Sentence corpus - train part — train

This corpus contains sentences from the abstract and introduction of 30 scientific articles that have been annotated (i.e. labeled or tagged) according to a modified version of the Argumentative Zones annotation scheme.

train_sentences

Format

2 data frame with 3117 rows and 2 variables:

text: the sentences as a character vector
class.text: the category of the sentence

Source

https://archive.ics.uci.edu/ml/datasets/Sentence+Classification

Details

These 30 scientific articles come from three different domains:

PLoS Computational Biology (PLOS)
The machine learning repository on arXiv (ARXIV)
The psychology journal Judgment and Decision Making (JDM)

There are 10 articles from each domain. In addition to the labeled data, this corpus also contains a corresponding set of unlabeled articles. These unlabeled articles also come from PLOS, ARXIV, and JDM. There are 300 unlabeled articles from each domain (again, only the sentences from the abstract and introduction).

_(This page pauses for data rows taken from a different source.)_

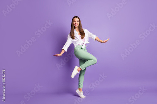 Obraz premium Photo portrait full body view of cute girl standing on one leg isolated on vivid purple colored background
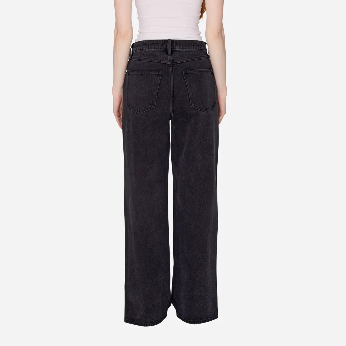 Denim Noir Vintage : La toile en denim robuste arbore un coloris noir délavé (faded black) très travaillé, avec des zones subtilement blanchies sur les coutures pour un aspect « déjà porté » authentique.
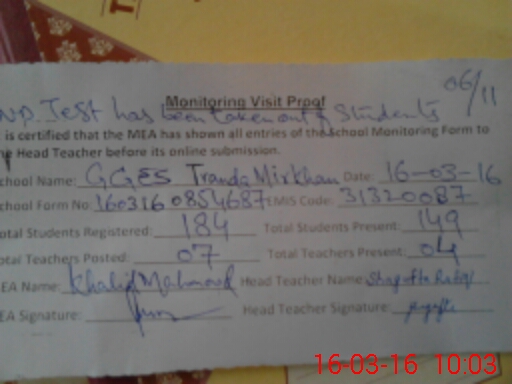 | Certified that this School was Inspected by the Undersigned MEA/DMO Today and the Information Stated Above is as Per Record. | |||||

These unlabeled articles can be used for unsupervised or semi-supervised approaches to sentence classification which rely on a small set of labeled data and a larger set of unlabeled data.

===== References =====

S. Teufel and M. Moens. Summarizing scientific articles: experiments with relevance and rhetorical status. Computational Linguistics, 28(4):409-445, 2002.

S. Teufel. Argumentative zoning: information extraction from scientific text. PhD thesis, School of Informatics, University of Edinburgh, 1999.